__Description of the task__
Once the line containing "分别是血量、空响弹(游戏中的" is reached in the listing below, reproduce it and all later lines through the final one exactly, but omit any pictures.

__Given data__
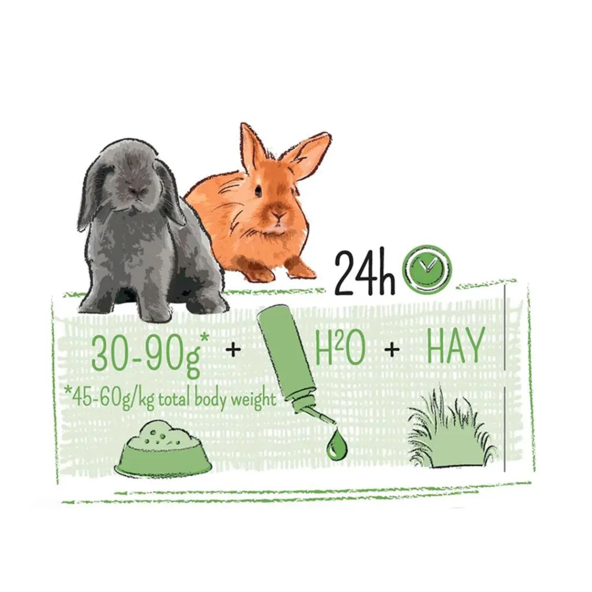 Feed daily according to your rabbit’s weight and age. Always provide fresh hay and clean drinking water. Introduce new foods gradually.
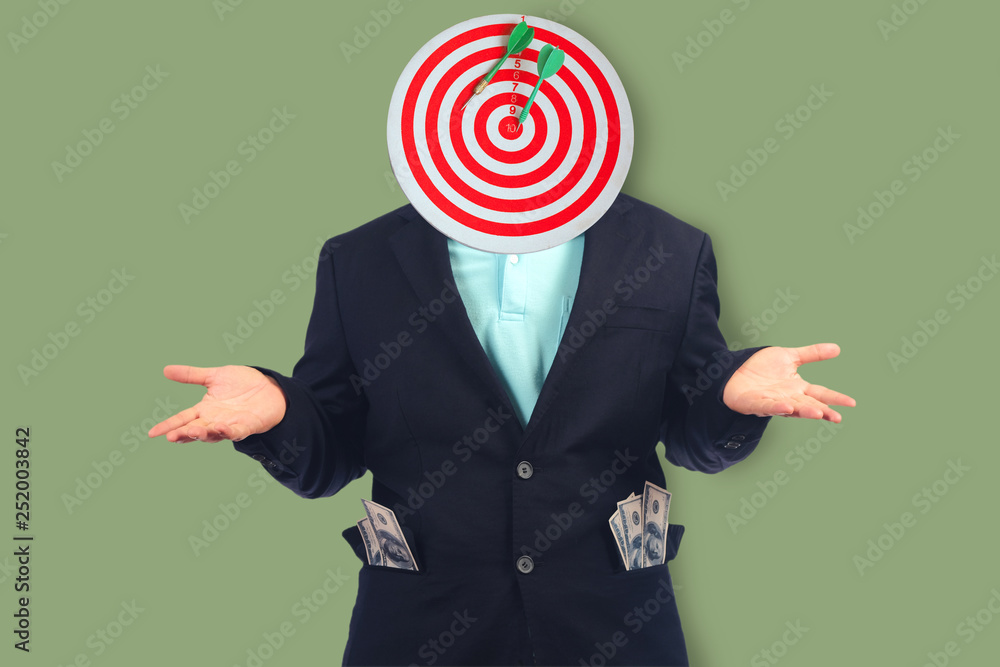 Business Man Target Against Their Faces with money banknotes in pocket.
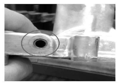 圖15 油道孔加工不過 數(shù)值模擬能為鋁合金壓鑄件的品質(zhì)控制及缺陷改善提供良好的參考依據(jù),縮短了開發(fā)時(shí)間;合理的排氣結(jié)構(gòu)設(shè)計(jì)是改善鑄件內(nèi)部品質(zhì)的重要方法;合理的入料口設(shè)計(jì)不但是鑄件良好內(nèi)部品質(zhì)的重要保障,還是鑄件表面成形良好的重要依據(jù);型芯針合理的加工余量能夠大大減少產(chǎn)品的加工不過,提高成品率;壓鑄機(jī)足夠的鎖模力可以減少飛邊毛刺的產(chǎn)生,是保證鑄件硬度要求的重要手段。
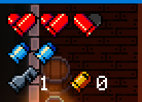 分别是血量、空响弹(游戏中的一种特殊道具)、钥匙以及金钱。首先查找血量所在的地址,简单游玩之后可以发现每次受到伤害,血量会减少一半:
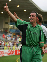 Johnston, who led Ireland in the 2007 World Cup, does a lap of honour after his team beat Pakistan at Kingston in that tournament (source – vgreets.com)
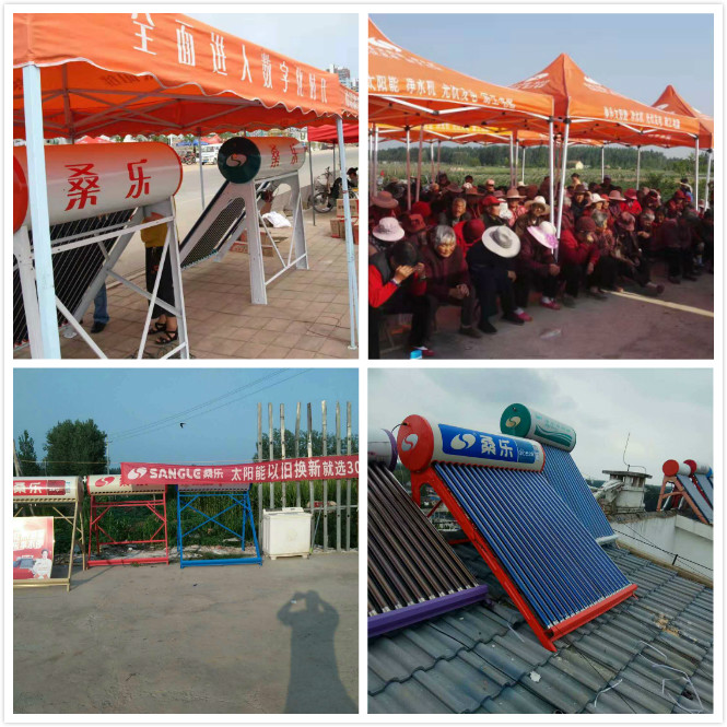 苗書賓的另一張經(jīng)營王牌是促銷活動。近年來,苗書賓一直跟著公司的營銷思路走,帶領(lǐng)鄉(xiāng)鎮(zhèn)、村級大力開展各項營銷活動。小區(qū)展銷、以舊換新、上門推銷等都取得了不錯的成績。其中以舊換新尤為突出,共計10余場。今年7月份,迎來太陽能銷售市場旺季,苗書賓親自帶領(lǐng)經(jīng)銷商組建檢修隊伍,挨家挨戶上門巡檢,對于有明顯質(zhì)量問題,或者使用超過10年以上有安全隱患等舊機器建議用戶換新機。并在鎮(zhèn)上、門店等掛條幅、布置宣傳物料,為以舊換新宣傳造勢。田橋鎮(zhèn)僅在7月份以舊換新將近賣了50臺,創(chuàng)歷史新高。

__Task solution__
 分别是血量、空响弹(游戏中的一种特殊道具)、钥匙以及金钱。首先查找血量所在的地址,简单游玩之后可以发现每次受到伤害,血量会减少一半:
 Johnston, who led Ireland in the 2007 World Cup, does a lap of honour after his team beat Pakistan at Kingston in that tournament (source – vgreets.com)
 苗書賓的另一張經(jīng)營王牌是促銷活動。近年來,苗書賓一直跟著公司的營銷思路走,帶領(lǐng)鄉(xiāng)鎮(zhèn)、村級大力開展各項營銷活動。小區(qū)展銷、以舊換新、上門推銷等都取得了不錯的成績。其中以舊換新尤為突出,共計10余場。今年7月份,迎來太陽能銷售市場旺季,苗書賓親自帶領(lǐng)經(jīng)銷商組建檢修隊伍,挨家挨戶上門巡檢,對于有明顯質(zhì)量問題,或者使用超過10年以上有安全隱患等舊機器建議用戶換新機。并在鎮(zhèn)上、門店等掛條幅、布置宣傳物料,為以舊換新宣傳造勢。田橋鎮(zhèn)僅在7月份以舊換新將近賣了50臺,創(chuàng)歷史新高。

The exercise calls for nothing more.